From the "Intel 64 and IA-32 Architectures Software Developer's Manual Combined Volumes Oct 2019" - "These SSE and SSE2 non-temporal store instructions minimize cache pollution by treating the memory being accessed as the write combining (WC) type. If a program specifies a non-temporal store with one of these instructions and the memory type of the destination region is write back (WB), write through (WT), or write combining (WC), the processor will do the following . . . "

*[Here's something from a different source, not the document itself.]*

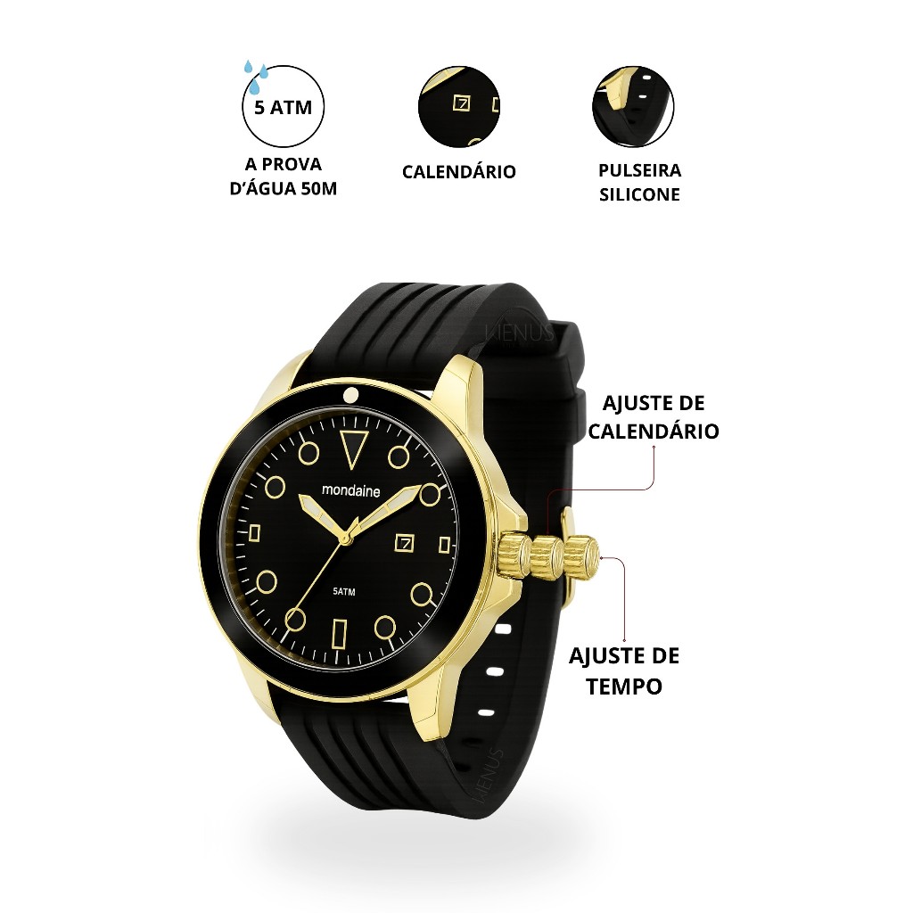 Com design super moderno, este relógio se destaca pelo contraste elegante entre o visor preto e a caixa metálica dourada. Seu mostrador analógico com calendário garante praticidade no dia a dia, enquanto a pulseira em silicone preto, com acabamento texturizado e fecho por fivela, proporciona conforto e estilo para todas as ocasiões. Especificações do Relógio: Modelo Referência: 99623GPMVDI2; Gênero: Masculino; Cor da Caixa: Dourado; Cor da Pulseira: Preto; Cor do Mostrador: Preto; Cor do Bisel: Preto; Material da Pulseira: Silicone; Material da Caixa: Metal; Tipo do Vidro: Cristal Mineral; Fecho: Fivela Simples. Dimensões: Espessura Caixa: 11.4mm; Diâmetro Caixa Com a Coroa: 51.9mm; Diâmetro Caixa Sem a Coroa: 47.8mm; Diâmetro Visor: 38.7mm; Largura Pulseira: 21.3mm; Largura Pulseira Base: 21.3mm; Circunferência da Pulseira: 19cm; Circunferência Pulseira com a caixa: 26cm; Peso sem a embalagem: 91g; Peso da caixa com relógio: 240g; Fundo do relógio: Rosqueado. Conteúdo da Embalagem: 1 Relógio Mondaine Original; 1 Certificado de Garantia de Fábrica (1 ano); 1 Caixa Original Mondaine. Perguntas Frequentes: Somos a Loja Oficial da Relojoaria Wenus; Acompanha Nota Fiscal; Pronta Entrega Disponível; Não Possui Catraca Giratória; Possui Calendário com dias do mês (1-31); Possui Efeito fosforescentes presentes em seus ponteiros (Hora e Muito); Nossos Clientes contam com uma equipe de especialistas altamente qualificados para atender todas as suas necessidades. Resistência à Água - 5 ATM: Adequados para natação se não existir grandes alterações de temperatura. Não aptos para mergulho nem mergulho com ar comprimido. Atenção e Cuidados Não usar o relógio durante o banho, pois os produtos que são utilizados durante o banho podem comprometer a vedação do seu relógio. Certifique-se de que a coroa está totalmente encaixada antes do contato com a água. Nunca pressione botões ou ajuste a coroa enquanto o relógio estiver molhado ou em contato com à água. Após exposição à água salgada, enxágue o relógio em água doce e seque-o completamente. Não exponha o relógio à água quente ou morna, pois isso pode afetar a vedação e reduzir sua resistência à água. Se você busca um acessório que una modernidade, sofisticação e conforto, este relógio é a escolha ideal. Perfeito para compor looks casuais ou dar um toque arrojado ao visual, ele se adapta ao seu estilo com personalidade. Garanta já o seu e destaque-se em cada momento!

I thought that write-combining memory is only found in graphics cards but not in general-purpose heap memory -- and by extension that the instructions listed above would only be useful in such cases. If that's true, why would Agner Fog recommend those instructions? The Intel manual seems to suggest that it's only useful with WB, WT or WC memory, but then they say that the memory being accessed will be treated as WC.
If those instructions actually can be used in an ordinary write to heap memory, are there any limitations? How do I allocate write-combining memory?